Adrian George Feint, was born on 28 June 1894 at Narrandera, New South Wales, eldest of three children of Samuel Feint, stationer, and his wife Catherine Charlotte, nee Flood, grand-daughter of Edward Flood. From childhood Adrian was interested in drawing and decorated his Narrandera school exercise-books. In 1912 he entered the Sydney Art School.
Feint enlisted in the Australian Imperial Force on 21 January 1916, served with the 15th Field Ambulance on the Western Front from February 1917 and was praised in September 1918 for the gallantry he displayed near Peronne, France. He was granted three months leave in 1919 to study at the Academie Julien, Paris. He was discharged on 12 October 1919 and Feint returned to the Sydney Art School which was noted for its teaching in ‘black and white’. He worked extensively for Sydney Ure Smith’s advertising agency, and provided decorations and cover designs formagazines, Art in Australia (1928-40) and the Home. Regarded as having impeccable taste, Feint directed Grosvenor Galleries between 1924 and 1928.
Feint still sought acceptance as an oil-painter. He gave up commercial art in 1938 to concentrate on oil-painting. The best of his still life and landscape paintings have affinities with surrealism, but it is of the decorative English variety rather than the French. Feint’s paintings received critical acclaim in the 1940s and 1950s; Ure Smith published Adrian Feint Flower Paintings in 1948. His flower pieces were described as ‘flower arrangements meticulously designed, superbly painted. His bookplates, including those produced for Olive King, Dorothea Mackellar, John Mullins, Frank Clune and the Duke and Duchess of York, attracted local and worldwide attention, culminating in an exhibition at the Library of Congress, Washington, D.C., in 1930. His decorative penwork and designs for private press books, such as those published by the Australian Limited Editions Society, were also highly praised. He painted tropical fish and parrots on the glass panels for the Australian pavilion at the New York World’s Fair (1939).His bookplates, including those produced for Olive King, Dorothea Mackellar, John Mullins, Frank Clune and the Duke and Duchess of York, attracted local and worldwide attention, culminating in an exhibition at the Library of Congress, Washington, D.C., in 1930. His decorative penwork and designs for private press books, such as those published by the Australian Limited Editions Society, were also highly praised. He painted tropical fish and parrots on the glass panels for the Australian pavilion at the New York World’s Fair (1939).
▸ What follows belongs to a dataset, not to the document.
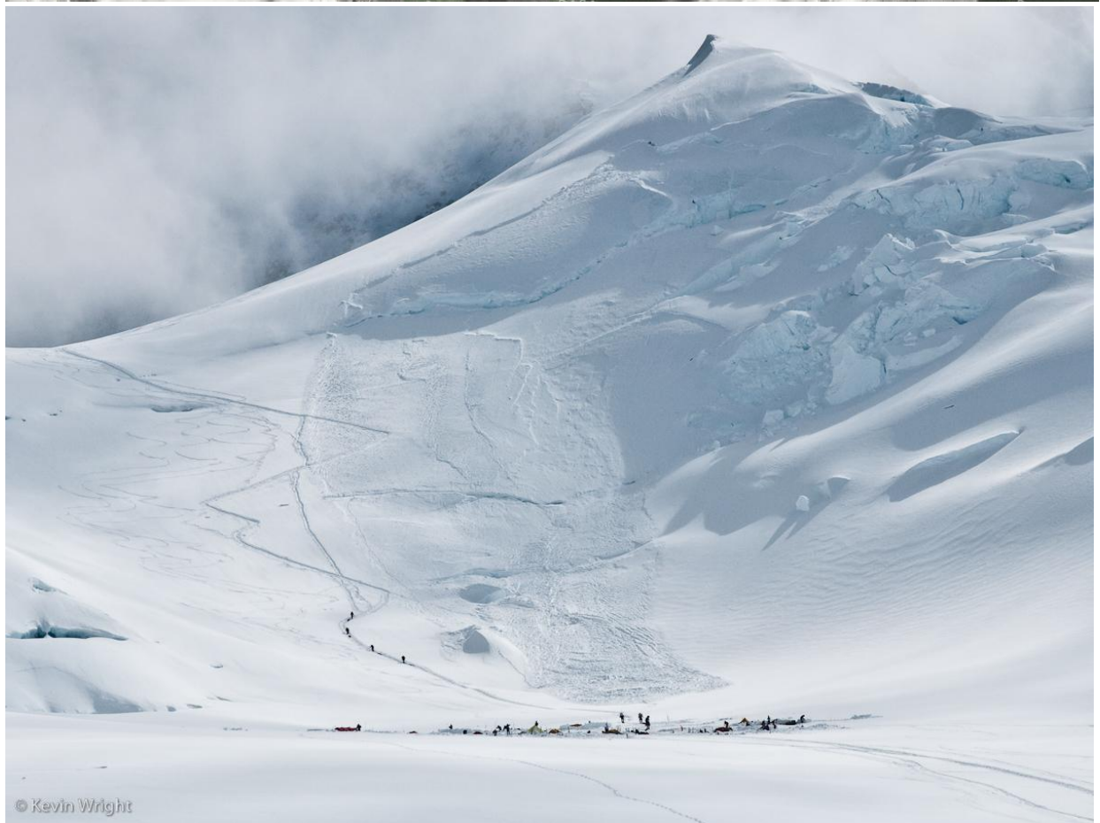
Avalanche, Motorcycle Hill, 11,000 foot camp, and West Buttress trail

The best of his still life and landscape paintings have affinities of surrealism. His paintings have been described as “flower arrangements meticulously designed, superbly painted and set in a related environment of time and space.”His imagination found an outlet combining manufactured objects from other lands with flowers and shells of the sandstone belt of the eastern coastal region of Australia. In his painting Garden in the Foothills, 1958, it depicts an area of their Carrick Hill garden overlooking the location of the former tennis court, now planted with the glorious blooms which is now the State Bank Heritage Rose Garden.
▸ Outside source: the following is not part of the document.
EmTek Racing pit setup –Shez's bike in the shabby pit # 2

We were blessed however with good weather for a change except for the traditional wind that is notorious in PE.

This painting provides an historical and sentimental link with a past era of the garden.
The red Waratah, white Flannel Flowers, Christmas Bush and Christmas Bells painted in 1930’s was uncovered in an old autograph book quite by chance.An interesting facet of Adrian Feint’s artistic contribution to Australia was his involvement with Camouflage. Camouflage in Australia in the Second World War hardly receives mention in contemporary military histories, but it is a subject which celebrates the contribution of Australian artists and designers to the war, and the ingenuity of the military Camouflage is based on the principles of concealment and deception. The Sydney Camouflage Group, which was formed in 1939 and was made up primarily of artists, photographers, architects, scientists, engineers and civil servants. and the group included Adrian Feint.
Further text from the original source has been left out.